We parted ways when we reached my campus, exchanging 'see you laters' and 'yeahs'. I was almost tempted to bring up Mads, and ask about their 'friendship' and the letters he receives from her- at least I'm almost a hundred percent sure it's her. But I didn't, because I've noticed that I have a habit for screwing things up when it comes to Noah, with my over defensiveness, lack of humour and more than occasional bitter remarks. There's only so much he's probably willing to take before I unintentionally pierce a hole through his patience and make him hate me. So, I hold back on that for now, and allow myself to enjoy his company that's kindled with secret fondness.

As we walked, with Noah by my side and my feelings squeezed in between us, I couldn't help the smile that was playing peek-a-boo on my face. I'm excited, but it's a strange kind of excitement. It's not the type that comes with surprise, or leading up to a big event, or the excitement you get before you go on a ride. It's none of them, because they all have endings; you get over a surprise, and events and rides eventually comes to an end. The excitement I feel now though, doesn't feel like it'll ever fizzle away, and that alone makes the fire burn brighter.

~*~

I go over the conversation with mum, specifically where she asked me what I'm going to do with my feelings, and no matter how hard I think about it, I have no clue, what I'm going to do. Telling him straight up isn't even an option; Noah might not even like me. To him, this could be a mutual friendship or neighbourship, just like him and Mads, and I don't want to risk embarrassing myself and ruining our friendship. I haven't even thought about it from Baba's perspective, or religiously, because they're practically the same thing. I just have to keep it to myself and once I tell Baba, he'll start sorting out marriage arrangements- and this is assuming Noah returns my feelings.

Because of this, the only advice I find remotely useful is mums; to talk to him and hang out, minus the confession part. It's not like I haven't been doing that already, and nothing 'haram' has come from it. I can do that- perhaps prove my family wrong.

"Hey," I turn to my side, as Noah falls in step with me.

"Hi." I reply, caught off guard at his abrupt appearance.

"You finished early today."

"Yeah, tutorial was cancelled." I fiddle with my bag strap and watch my shoes as they hit the pavement.

"Lucky." From the corner of my eye I catch him smiling as he pushes his hair over his head.

"I know."

"So how was your day?" He asks, as he looks at my side while I look straight ahead.

"Alright.
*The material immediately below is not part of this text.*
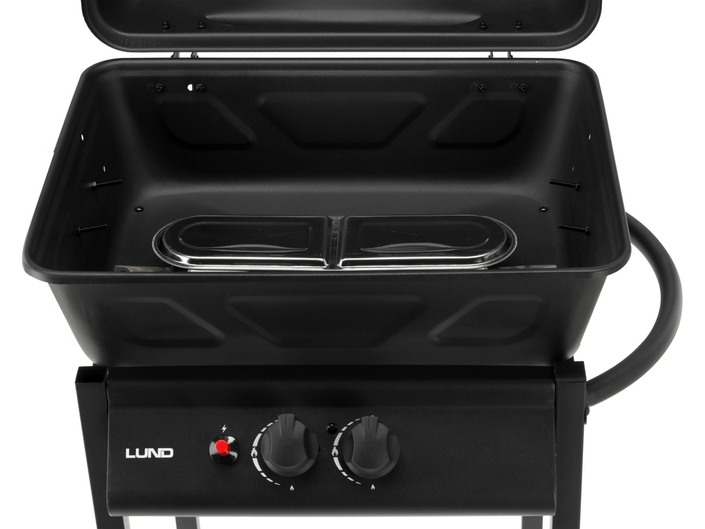 Газовий гриль з двома конфорками для приготування їжі на відкритому повітрі, зі зручним управлінням для ідеального запікання їжі. Компактний розмір дозволяє легко зберігати гриль у невеликих приміщеннях.
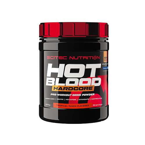 - Hot Blood Hardcore de la marque Scitec est un pré-entraînement unique contenant une forte dose de bêta-alanine, citrulline, carnitine, créatine, arginine, taurine et BCAA. Pour renforcer l'effet du produit, il a été ajouté du guarana, du gingembre, de la

Yours?"

"Yeah, not too bad." I nod and so does he. For a few moments more, we walk, surrounded by the sound of passing traffic and pedestrians. The silence, I reason, isn't necessarily because we haven't got anything to say, but because we can tolerate each other without words, something that in itself says a lot about a fast blooming friendship.
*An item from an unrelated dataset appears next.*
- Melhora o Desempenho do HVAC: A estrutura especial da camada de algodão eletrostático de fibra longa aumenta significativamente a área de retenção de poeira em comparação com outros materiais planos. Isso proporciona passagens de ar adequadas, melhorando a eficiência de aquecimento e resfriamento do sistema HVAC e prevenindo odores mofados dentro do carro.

However, once I deem the silence has lasted too long and Noah isn't showing any signs of interrupting it, I ask, "How long have you and Mads been friends?" At this, Noah looks to my side with a quirked brow, then ahead.

"We went to high school together." He clears his throat.

"Oh." I press my lips and keep my gaze ahead. "Did she move interstate as well?"

"Nah, She took a gap year, that turned into two." He chuckles. "She started off backpacking around Australia, then ended up in Thailand." I smile at his amusement.